Based on the query math operation and type of operation chosen, and of the queries that have been selected, the syntax of the corresponding combined query is presented in a separate window 807. If the user is satisfied with the current selections, the Continue button 810 can be pushed to continue processing and generate a physical query according to the combined abstract query. However, if the user desires to change settings or to revert to a previous screen, the Cancel 811 button can be pushed to exit the current screen without saving changes.

While the example illustrated in FIG. 8 was based on adding two queries together, the example illustrated in FIG. 9 is based on subtracting one query from another. The operation type selected is “All” and condition negation is activated. Query 3 and Query 4 (901 and 902, respectively) are selected by being dragged onto the pallet 812. Next, the subtraction operation is selected with drop down box 805, and type “All” is selected with box 806. Condition negation is activated for this operation by selecting check box 908.

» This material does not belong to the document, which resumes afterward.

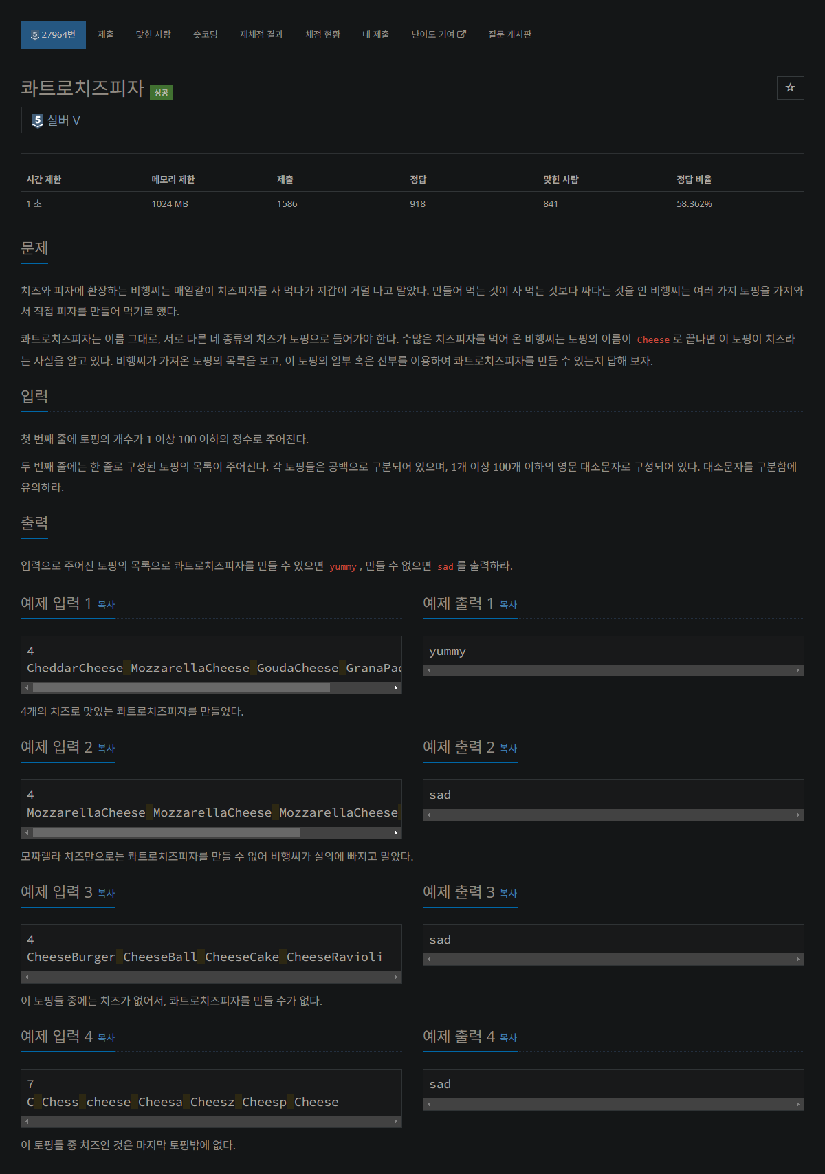 // 콰트로치즈피자 만들기 가능 여부 확인 및 출력

Windows 902 and 904 present the syntax of Q3 and Q4, respectively. The syntax representing the combined query is presented in a separate window 905. It can be seen in the combined abstract query syntax that only Patient ID remains as an output field 906 in the combined query. This is because Patient ID is the model entity for this query. The conditions portion 907 of the combined query shows that the condition “Diagnosis=X” has been eliminated in accordance to the subtraction operation. Further, due to condition negation being activated, and the fact that a condition based on city did not exist in Q3, the expression “City !=Rochester”.

While the examples above include only two abstract queries being combined to form a third abstract query, it should be understood that embodiments of the current invention can be used to combine numerous (more than two) abstract queries together. Further, while the examples above are based on only three types of addition and subtraction operations (e.g., output, conditions, all), those skilled in the art will recognize that embodiments of the current invention can be configured with a variety of other types that provide additional functionality.

While the foregoing is directed to embodiments of the present invention, other and further embodiments of the present invention may be devised without departing from the basic scope thereof, and the scope thereof is determined by the claims that follow.